Ricardo McFarlane, who was filmed alongside London Bridge ringleader Khuram Butt, future Isis executioner Siddhartha Dhar and other al-Muhajiroun members in 2015, was seen by The Independent debating Islam with Tommy Robinson supporters outside the Old Bailey in September.
Hope Not Hate says al-Muhajiroun units are currently active in parts of London, Luton and Derby, with smaller numbers of supporters in Birmingham, Leicester and Slough.
Metropolitan Police assistant commissioner Neil Basu, the head of UK counterterror policing, said members would not be allowed to incite terrorism, or exploit social problems and tensions.
“We are working closely with police forces across the UK to help officers identify and disrupt al-Muhajiroun activity, so we can deprive them of any opportunity to recruit new members or function effectively as a group,” he told The Independent.
“Alongside our partners in policing, government and the security services, we will work determinedly to prevent them from regrouping, or having any opportunity to disseminate their beliefs of intolerance, hatred and violence to the public.”
Mr Lowles called al-Muhajiroun “Britain’s most proliﬁc and dangerous extremist group” and warned that while Choudary and co-defendant Mizanur Rahman are under tight licence conditions, their release could inspire other fanatics.
Some members have served multiple prison sentences for extremist activities, being freed only to reconnect with fellow Islamists and be prosecuted again.
There are concerns about the effectiveness of deradicalisation efforts in prison, and authorities' capacity to monitor the rising number of terror convicts being freed.
Dr Michael Kenney, a University of Pittsburgh professor who spent time embedded with al-Muhajiroun, confirmed that some members were “remobilising to continue their activism” on the streets and online.
“Al-Muhajiroun has bounced back from previous government crackdowns,” he added. “Over the years, numerous leading and veteran activists have reengaged once they completed their prison sentences and parole conditions.

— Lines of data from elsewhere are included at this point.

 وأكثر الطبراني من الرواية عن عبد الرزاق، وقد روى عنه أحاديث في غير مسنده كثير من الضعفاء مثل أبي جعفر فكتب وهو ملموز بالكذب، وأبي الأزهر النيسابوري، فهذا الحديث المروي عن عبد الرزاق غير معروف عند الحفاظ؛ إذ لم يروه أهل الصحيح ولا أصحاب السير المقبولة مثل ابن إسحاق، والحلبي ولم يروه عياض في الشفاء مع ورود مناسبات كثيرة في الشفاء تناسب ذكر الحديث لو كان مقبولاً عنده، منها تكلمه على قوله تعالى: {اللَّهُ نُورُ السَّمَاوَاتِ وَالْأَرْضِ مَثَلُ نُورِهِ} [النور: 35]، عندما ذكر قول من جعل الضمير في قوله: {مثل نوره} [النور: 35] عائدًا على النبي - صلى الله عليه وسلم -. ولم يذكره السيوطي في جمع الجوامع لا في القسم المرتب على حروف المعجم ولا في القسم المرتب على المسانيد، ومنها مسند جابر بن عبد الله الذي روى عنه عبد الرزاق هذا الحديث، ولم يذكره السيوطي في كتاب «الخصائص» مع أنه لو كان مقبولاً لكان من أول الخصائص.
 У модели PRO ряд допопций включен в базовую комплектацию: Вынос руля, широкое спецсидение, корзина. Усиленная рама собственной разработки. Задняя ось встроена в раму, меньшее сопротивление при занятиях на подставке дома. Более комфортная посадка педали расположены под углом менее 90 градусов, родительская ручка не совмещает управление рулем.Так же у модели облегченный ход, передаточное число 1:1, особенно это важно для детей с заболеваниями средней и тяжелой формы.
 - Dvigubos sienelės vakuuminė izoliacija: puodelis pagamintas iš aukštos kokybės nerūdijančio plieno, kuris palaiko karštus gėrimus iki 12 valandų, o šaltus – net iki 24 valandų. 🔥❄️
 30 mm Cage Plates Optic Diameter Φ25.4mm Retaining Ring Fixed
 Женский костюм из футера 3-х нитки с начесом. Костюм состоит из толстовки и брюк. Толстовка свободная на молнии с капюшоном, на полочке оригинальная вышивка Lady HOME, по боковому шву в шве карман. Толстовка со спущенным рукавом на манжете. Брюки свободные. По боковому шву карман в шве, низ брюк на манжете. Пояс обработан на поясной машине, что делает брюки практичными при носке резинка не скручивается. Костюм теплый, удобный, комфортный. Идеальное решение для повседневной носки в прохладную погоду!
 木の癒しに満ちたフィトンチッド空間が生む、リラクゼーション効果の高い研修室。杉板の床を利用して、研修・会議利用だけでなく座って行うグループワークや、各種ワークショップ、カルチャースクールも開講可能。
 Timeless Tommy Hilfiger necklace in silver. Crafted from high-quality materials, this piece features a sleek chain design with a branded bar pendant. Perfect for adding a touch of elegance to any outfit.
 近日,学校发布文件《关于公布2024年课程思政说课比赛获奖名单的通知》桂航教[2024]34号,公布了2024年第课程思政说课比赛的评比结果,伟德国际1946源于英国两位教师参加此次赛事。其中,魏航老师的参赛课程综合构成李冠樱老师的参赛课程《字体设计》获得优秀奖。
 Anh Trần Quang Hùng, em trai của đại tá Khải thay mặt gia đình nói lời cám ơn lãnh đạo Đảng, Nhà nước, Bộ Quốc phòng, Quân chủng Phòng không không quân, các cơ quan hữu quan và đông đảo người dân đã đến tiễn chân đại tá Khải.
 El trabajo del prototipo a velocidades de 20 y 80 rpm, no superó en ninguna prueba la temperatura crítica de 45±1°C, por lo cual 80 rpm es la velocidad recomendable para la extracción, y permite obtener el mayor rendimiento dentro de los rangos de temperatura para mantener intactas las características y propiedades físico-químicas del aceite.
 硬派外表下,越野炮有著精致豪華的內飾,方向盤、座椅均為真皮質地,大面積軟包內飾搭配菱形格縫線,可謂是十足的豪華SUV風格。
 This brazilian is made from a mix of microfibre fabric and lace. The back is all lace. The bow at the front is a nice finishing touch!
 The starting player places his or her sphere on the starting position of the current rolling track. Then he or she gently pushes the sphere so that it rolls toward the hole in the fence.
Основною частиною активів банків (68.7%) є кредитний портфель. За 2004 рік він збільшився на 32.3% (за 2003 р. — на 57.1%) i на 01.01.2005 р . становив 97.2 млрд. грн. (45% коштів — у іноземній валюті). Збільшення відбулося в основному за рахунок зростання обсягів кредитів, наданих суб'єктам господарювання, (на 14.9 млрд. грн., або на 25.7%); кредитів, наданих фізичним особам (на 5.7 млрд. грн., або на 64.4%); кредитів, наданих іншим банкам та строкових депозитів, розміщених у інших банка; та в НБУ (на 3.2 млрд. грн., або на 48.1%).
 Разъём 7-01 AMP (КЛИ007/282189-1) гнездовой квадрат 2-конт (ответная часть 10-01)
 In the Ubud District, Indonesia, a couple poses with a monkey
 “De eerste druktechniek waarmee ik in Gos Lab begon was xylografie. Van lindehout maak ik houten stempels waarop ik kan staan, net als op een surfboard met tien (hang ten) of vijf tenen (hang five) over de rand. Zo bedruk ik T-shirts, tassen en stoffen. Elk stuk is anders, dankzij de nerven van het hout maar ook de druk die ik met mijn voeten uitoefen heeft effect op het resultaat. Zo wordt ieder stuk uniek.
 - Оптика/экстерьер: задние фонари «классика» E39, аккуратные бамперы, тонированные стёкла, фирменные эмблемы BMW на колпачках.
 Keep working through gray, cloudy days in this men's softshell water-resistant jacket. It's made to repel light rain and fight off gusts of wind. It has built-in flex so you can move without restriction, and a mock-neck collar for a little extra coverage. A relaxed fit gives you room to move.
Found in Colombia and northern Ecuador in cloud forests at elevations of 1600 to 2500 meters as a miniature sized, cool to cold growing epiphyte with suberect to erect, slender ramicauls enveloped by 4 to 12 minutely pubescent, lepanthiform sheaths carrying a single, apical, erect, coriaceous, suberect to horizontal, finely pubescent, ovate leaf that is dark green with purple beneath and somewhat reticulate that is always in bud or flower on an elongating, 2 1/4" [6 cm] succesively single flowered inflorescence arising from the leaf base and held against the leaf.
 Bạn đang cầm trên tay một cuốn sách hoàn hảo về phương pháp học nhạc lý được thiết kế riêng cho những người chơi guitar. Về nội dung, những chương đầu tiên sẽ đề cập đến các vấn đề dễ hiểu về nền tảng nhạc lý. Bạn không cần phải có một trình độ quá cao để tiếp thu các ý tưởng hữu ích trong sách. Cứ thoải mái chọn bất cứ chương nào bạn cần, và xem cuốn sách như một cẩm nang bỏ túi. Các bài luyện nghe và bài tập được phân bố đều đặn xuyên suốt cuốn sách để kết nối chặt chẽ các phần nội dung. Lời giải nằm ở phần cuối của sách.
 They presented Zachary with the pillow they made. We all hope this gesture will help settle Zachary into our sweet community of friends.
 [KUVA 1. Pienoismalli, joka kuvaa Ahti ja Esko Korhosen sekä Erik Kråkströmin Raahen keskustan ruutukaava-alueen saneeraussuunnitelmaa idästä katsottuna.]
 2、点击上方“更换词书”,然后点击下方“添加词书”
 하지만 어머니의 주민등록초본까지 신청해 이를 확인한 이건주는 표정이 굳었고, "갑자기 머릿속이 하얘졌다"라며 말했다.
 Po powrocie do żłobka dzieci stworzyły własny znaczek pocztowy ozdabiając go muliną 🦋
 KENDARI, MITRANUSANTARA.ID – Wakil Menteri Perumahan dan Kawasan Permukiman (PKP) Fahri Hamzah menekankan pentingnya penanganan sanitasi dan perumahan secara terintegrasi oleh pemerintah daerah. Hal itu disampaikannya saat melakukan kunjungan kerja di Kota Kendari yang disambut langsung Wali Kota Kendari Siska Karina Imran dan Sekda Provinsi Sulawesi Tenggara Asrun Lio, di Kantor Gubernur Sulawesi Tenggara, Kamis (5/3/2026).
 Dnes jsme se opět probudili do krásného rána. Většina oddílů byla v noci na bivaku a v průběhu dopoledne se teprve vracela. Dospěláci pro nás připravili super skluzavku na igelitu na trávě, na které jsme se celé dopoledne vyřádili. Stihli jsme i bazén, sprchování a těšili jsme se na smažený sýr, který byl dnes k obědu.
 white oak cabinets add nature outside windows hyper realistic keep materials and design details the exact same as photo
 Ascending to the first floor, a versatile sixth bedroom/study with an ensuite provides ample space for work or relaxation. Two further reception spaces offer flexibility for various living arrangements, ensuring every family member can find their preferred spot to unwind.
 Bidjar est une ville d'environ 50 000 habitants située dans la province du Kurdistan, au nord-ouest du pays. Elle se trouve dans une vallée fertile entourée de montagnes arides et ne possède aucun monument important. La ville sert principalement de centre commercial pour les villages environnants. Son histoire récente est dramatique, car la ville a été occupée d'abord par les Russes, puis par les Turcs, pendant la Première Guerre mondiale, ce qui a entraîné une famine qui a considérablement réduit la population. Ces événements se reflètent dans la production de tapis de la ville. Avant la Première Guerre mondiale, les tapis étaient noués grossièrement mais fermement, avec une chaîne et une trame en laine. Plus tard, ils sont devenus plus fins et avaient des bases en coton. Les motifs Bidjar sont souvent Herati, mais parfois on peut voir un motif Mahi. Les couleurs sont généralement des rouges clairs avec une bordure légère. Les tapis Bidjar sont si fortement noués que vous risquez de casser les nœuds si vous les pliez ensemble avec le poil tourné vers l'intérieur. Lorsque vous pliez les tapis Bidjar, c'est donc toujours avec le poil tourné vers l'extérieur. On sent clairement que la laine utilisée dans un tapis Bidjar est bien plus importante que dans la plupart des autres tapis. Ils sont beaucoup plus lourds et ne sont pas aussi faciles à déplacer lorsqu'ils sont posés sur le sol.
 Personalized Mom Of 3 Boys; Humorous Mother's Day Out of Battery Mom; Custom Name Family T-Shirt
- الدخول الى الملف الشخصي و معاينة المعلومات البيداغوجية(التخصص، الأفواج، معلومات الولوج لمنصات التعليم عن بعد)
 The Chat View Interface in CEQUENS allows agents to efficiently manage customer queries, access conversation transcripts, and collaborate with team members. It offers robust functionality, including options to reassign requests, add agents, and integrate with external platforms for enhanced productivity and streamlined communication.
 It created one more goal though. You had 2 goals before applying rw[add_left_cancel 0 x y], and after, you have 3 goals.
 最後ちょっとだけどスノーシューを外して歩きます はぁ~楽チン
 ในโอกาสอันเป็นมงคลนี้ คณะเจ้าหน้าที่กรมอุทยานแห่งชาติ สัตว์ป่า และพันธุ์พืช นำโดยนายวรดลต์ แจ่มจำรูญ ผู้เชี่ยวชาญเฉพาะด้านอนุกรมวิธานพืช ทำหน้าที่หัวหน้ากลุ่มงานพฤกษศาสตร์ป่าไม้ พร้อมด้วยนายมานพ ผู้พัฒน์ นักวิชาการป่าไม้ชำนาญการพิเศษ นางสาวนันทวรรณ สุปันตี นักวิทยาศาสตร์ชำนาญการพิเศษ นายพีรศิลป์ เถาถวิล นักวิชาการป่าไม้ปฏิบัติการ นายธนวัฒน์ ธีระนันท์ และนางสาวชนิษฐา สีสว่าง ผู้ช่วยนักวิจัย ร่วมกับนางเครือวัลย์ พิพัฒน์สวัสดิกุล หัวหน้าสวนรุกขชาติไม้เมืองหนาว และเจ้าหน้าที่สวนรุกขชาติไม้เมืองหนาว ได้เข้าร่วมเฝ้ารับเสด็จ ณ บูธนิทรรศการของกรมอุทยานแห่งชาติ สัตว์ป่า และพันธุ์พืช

“Rather than turning the most dedicated activists away from al-Muhajiroun, arrest, incarceration and administrative controls often strengthens their commitment to the cause.”
Dr Kenney, author of The Islamic State in Britain, predicted some recently released extremists will restart their activities when licence conditions expire.
“I also suspect that some people will have had enough of al-Muhajiroun and its brand of high-risk activism, and likely move on with their lives,” he added.
“The challenge for the authorities is how to handle activists who subscribe to extreme beliefs, but who express them through peaceful, lawful activism.”
Al-Muhajiroun was once known for its provocative protests, such as the 2010 poppy burning, but retreated to private “halaqah” study groups following police crackdowns.
The group was first banned in 2006, making membership a terror offence, but it re-emerged under numerous new names including Islam4UK and Muslims Against Crusades to evade the law.
David Videcette, a former counterterrorism detective in the Metropolitan Police who investigated the group in the 2000s, said they “operated on right on the periphery of the law”.
“Choudary eventually got caught for offering support to Isis but the group continually morphs – we need to target individuals," he warned.
"If we targeted the individuals associated with the 7/7 bombings and, 21/7 plot at an earlier stage, we would have been in a much better position now.”
A Prison Service spokesperson said: “All terror offenders released on licence are subject to very restrictive conditions, and can be recalled to prison if they breach them.”